## Information
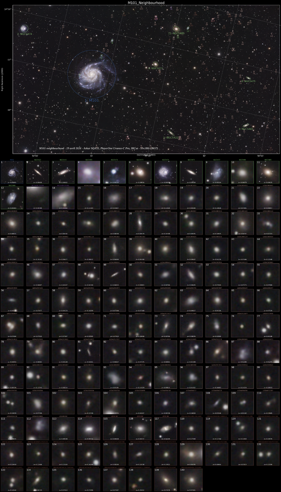 Bonjour à tous, Après Abell 1656, voici Abell 1367 dans la chevelure de Berenice, Setup C8 + ASI294 MC Pro + réducteur 0.63 (focale 1580mm) sur EQG Quidage lunette Orion 80x400 + ASI462 Acquisition NINA Traitement SIRIL + GraXpert + GIMP Pose unitaire de 180s, 5h au total 50DOF Je suis passé par ASTAP pour avoir les annotations (merci @sebseacteam et par Aladin pour les données permettant le calcul des distances (redshift, vitesse radiale) j'étais étonné de trouver des galaxies aussi lointaines et j'ai douté des calculs mais jai verifié quelques distances sur internet/simbab, etc. et elles ont l'air correct, en tout cas pour celles que j'ai pu vérifier A+ Manuel.
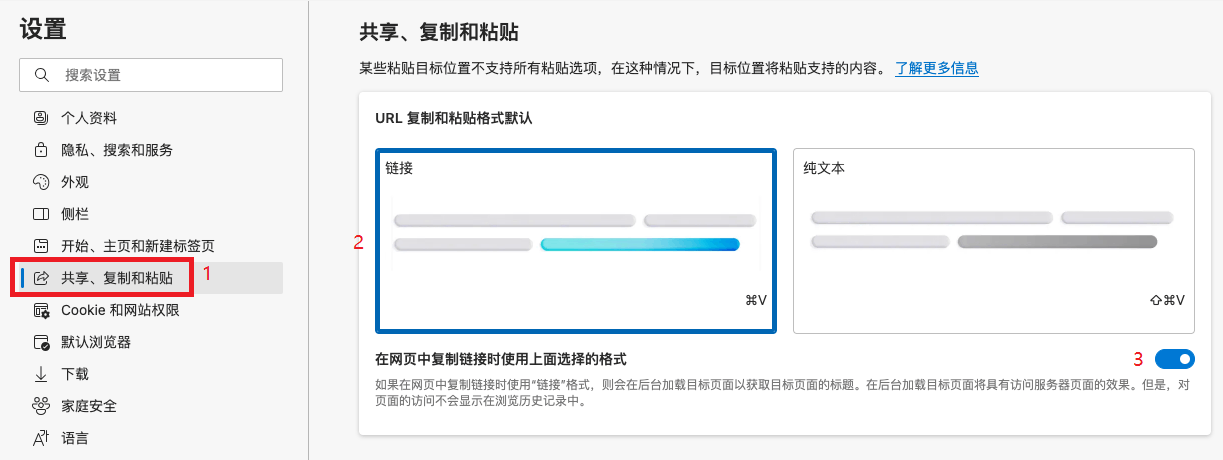 由于目前可能是Mac更新后引入的安全策略更改影响超链接的处理,导致当前复制的网页链接就是URL形式,那么您粘贴到office中也将保持URL形式,关于这一点可能需要向苹果反馈以做出相应的改进。 但是目前在测试中我又找出一种替代方案,如果您在处理大量数据,那么这种方法将会比通过备忘录复制粘贴更为便捷。即下载Microsoft Edge dev版,并开启以下设置,即可实现您复制的网页链接粘贴到Excel中依然保持文本超链接的形式。需要注意的是使用此方法您需要将Microsoft Edge dev设置为默认浏览器。
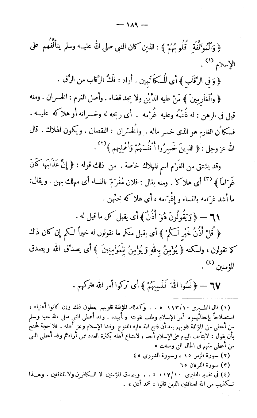 (1) قال الطبري 10/113 ".. وكذلك المؤلفة قلوبهم يعطون ذلك وإن كانوا أغنياء، استصلاحا بإعطائهموه أمر الإسلام وطلب تقويته وتأييده. وقد أعطى النبي صلى الله عليه وسلم من أعطى من المؤلفة قلوبهم بعد أن فتح الله عليه الفتوح وفشا الإسلام وعز أهله. فلا حجة لمحتج بأن يقول: لا يتألف اليوم على الإسلام أحد، لامتناع أهله بكثرة العدد ممن أرادهم وقد أعطى النبي من أعطى منهم في الحال التي وصفت".
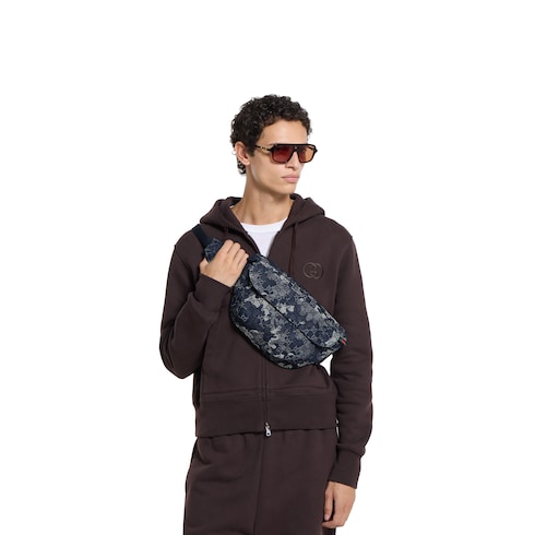 Nella collezione Autunno Inverno 2025, il denim GG si evolve in una nuova declinazione con effetto camouflage tono su tono, come su questo marsupio.
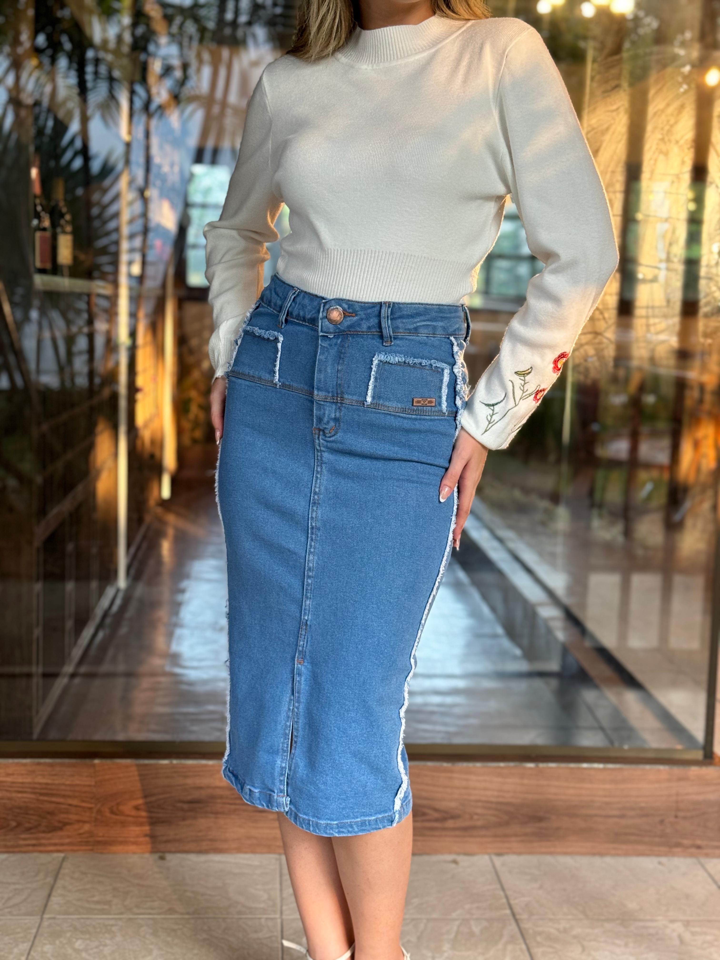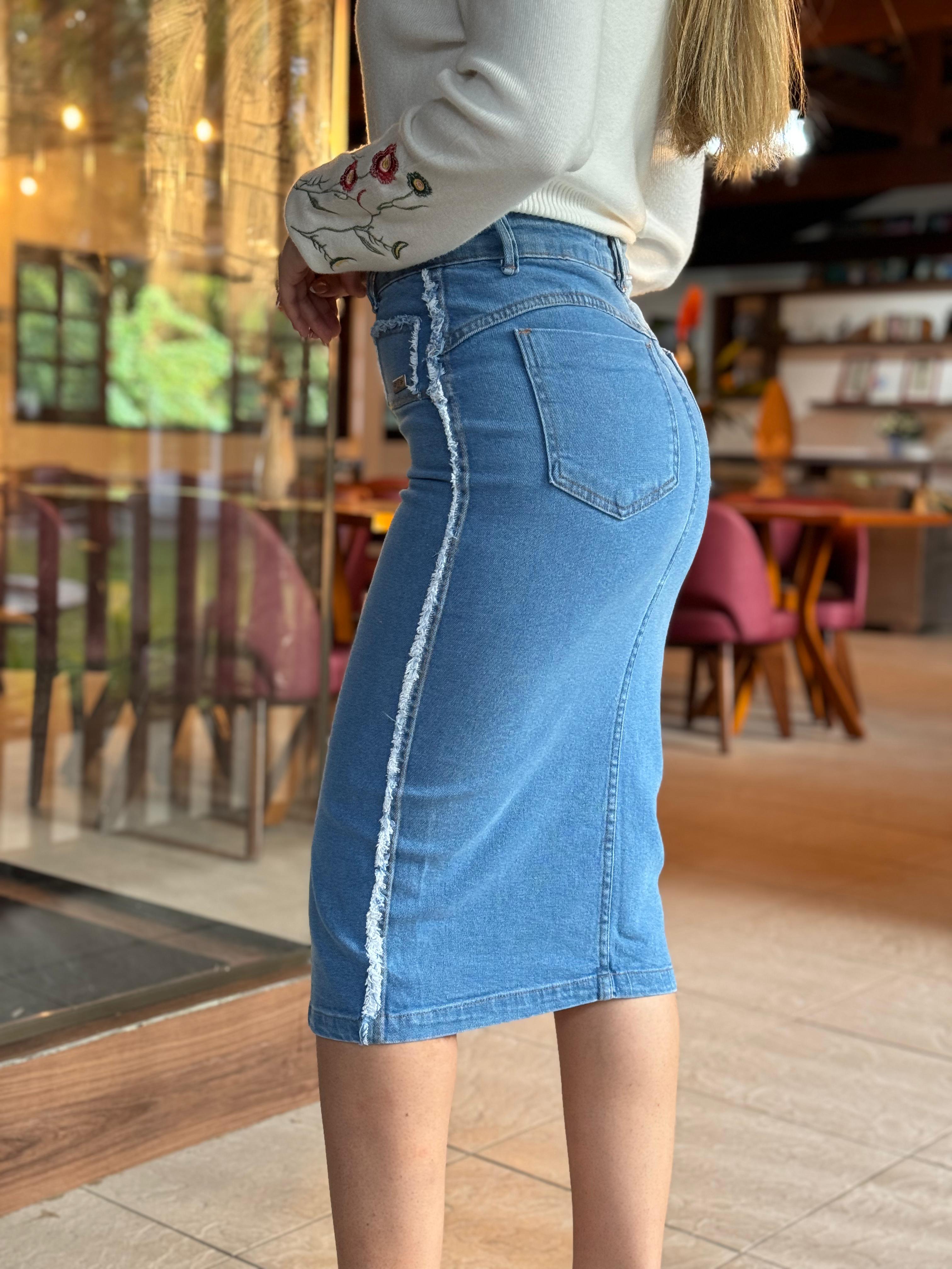 A Saia Deise é uma peça moderna e sofisticada, confeccionada em jeans premium com elastano, oferecendo um ajuste confortável e flexível. Sua composição é de 99% algodão e 1% elastano, garantindo qualidade e durabilidade ao tecido.
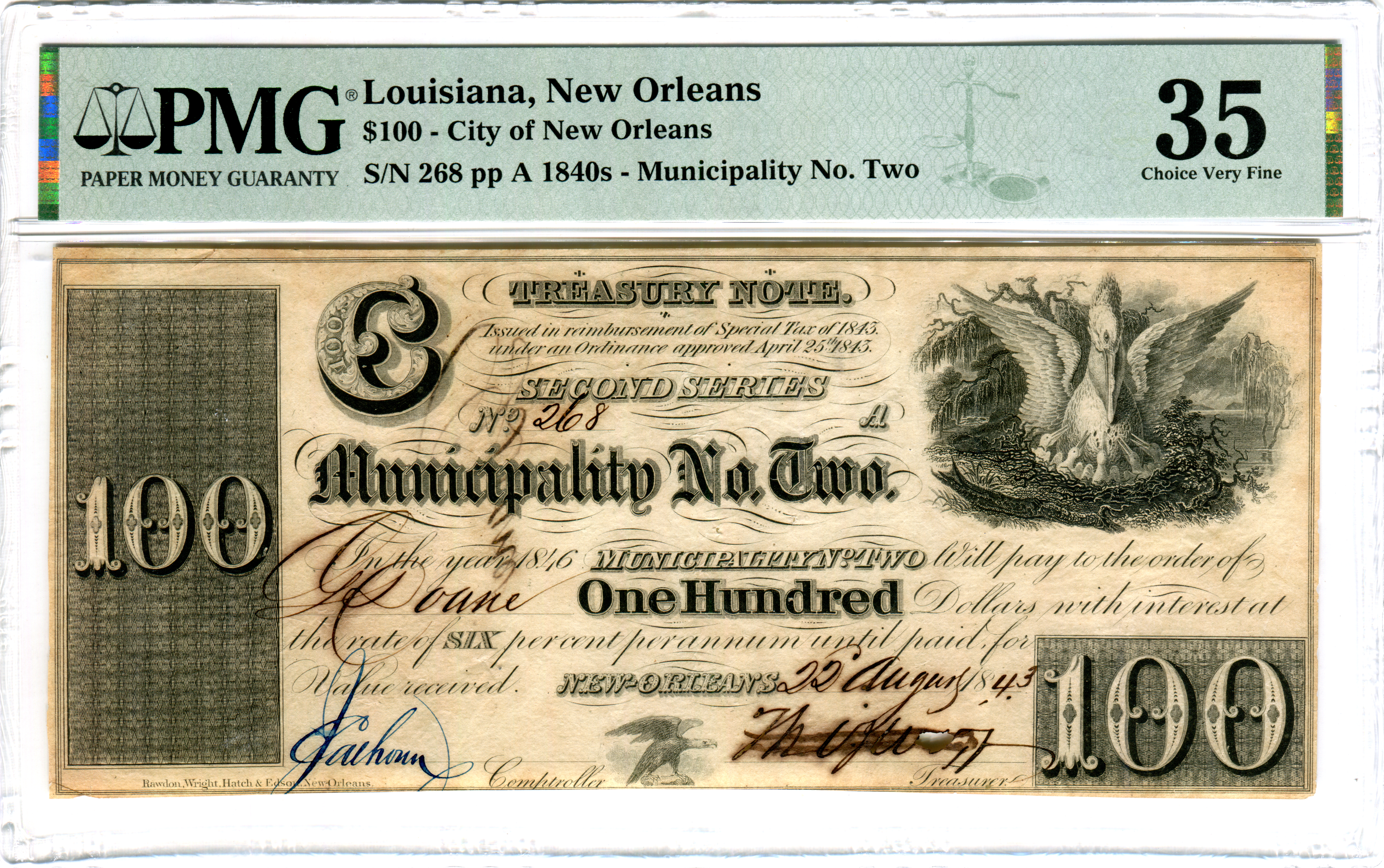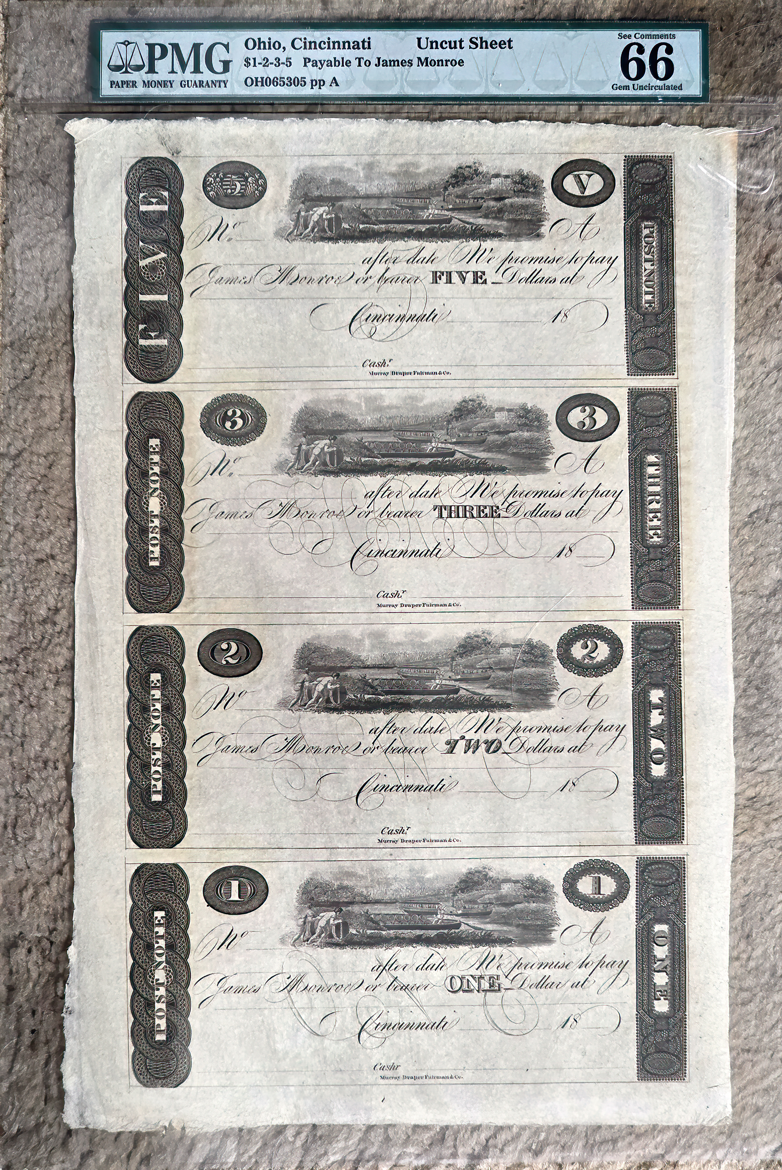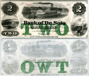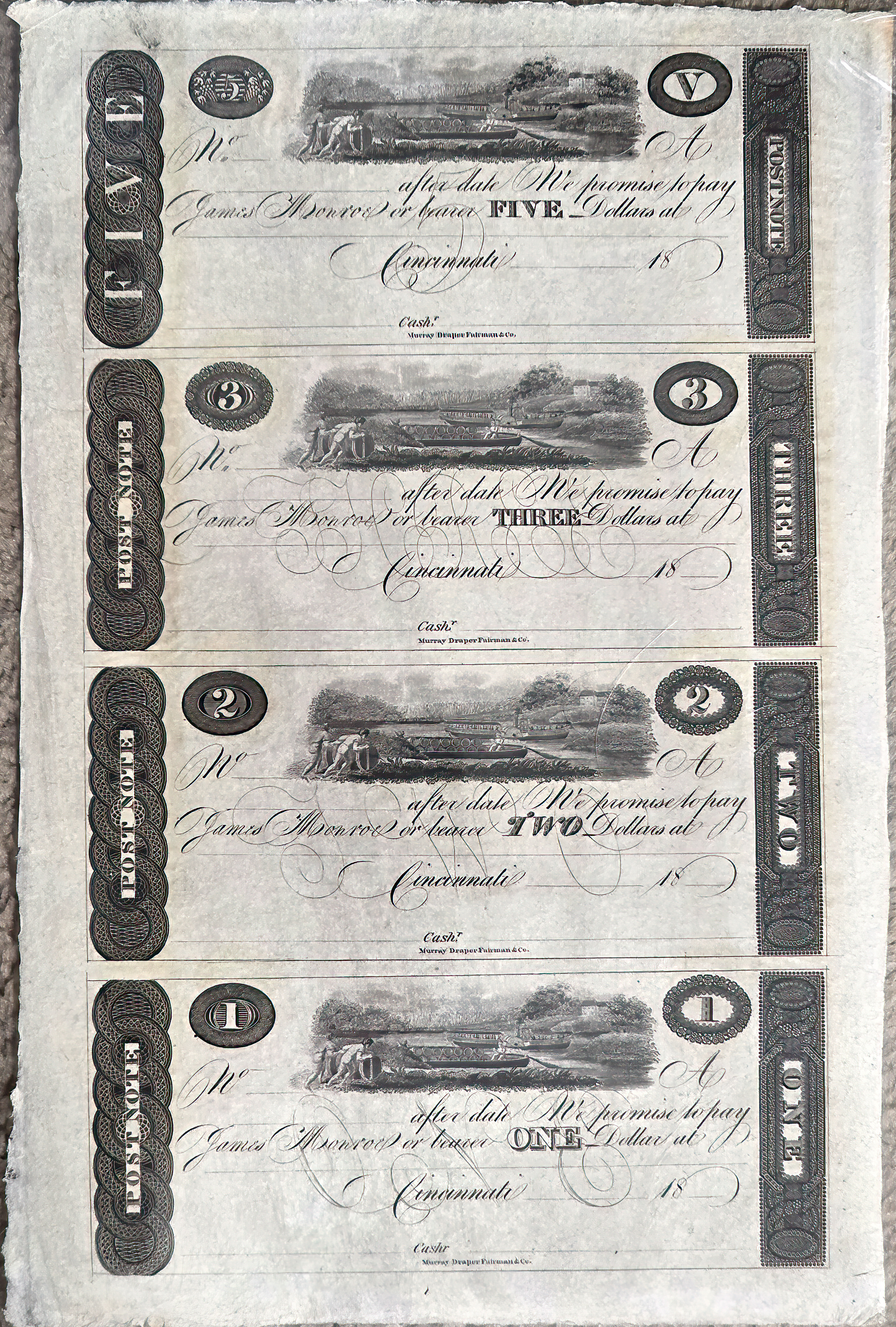 Natchez, Mississippi. Printed on a sheet of unused $2 and $3 notes from Natchez.

## Task description
Both ends included, copy the lines from the one holding "(1) قال الطبري" to the last line of the entries exactly, with all pictures left out.

## Final answer
 (1) قال الطبري 10/113 ".. وكذلك المؤلفة قلوبهم يعطون ذلك وإن كانوا أغنياء، استصلاحا بإعطائهموه أمر الإسلام وطلب تقويته وتأييده. وقد أعطى النبي صلى الله عليه وسلم من أعطى من المؤلفة قلوبهم بعد أن فتح الله عليه الفتوح وفشا الإسلام وعز أهله. فلا حجة لمحتج بأن يقول: لا يتألف اليوم على الإسلام أحد، لامتناع أهله بكثرة العدد ممن أرادهم وقد أعطى النبي من أعطى منهم في الحال التي وصفت".
 Nella collezione Autunno Inverno 2025, il denim GG si evolve in una nuova declinazione con effetto camouflage tono su tono, come su questo marsupio.
 A Saia Deise é uma peça moderna e sofisticada, confeccionada em jeans premium com elastano, oferecendo um ajuste confortável e flexível. Sua composição é de 99% algodão e 1% elastano, garantindo qualidade e durabilidade ao tecido.
 Natchez, Mississippi. Printed on a sheet of unused $2 and $3 notes from Natchez.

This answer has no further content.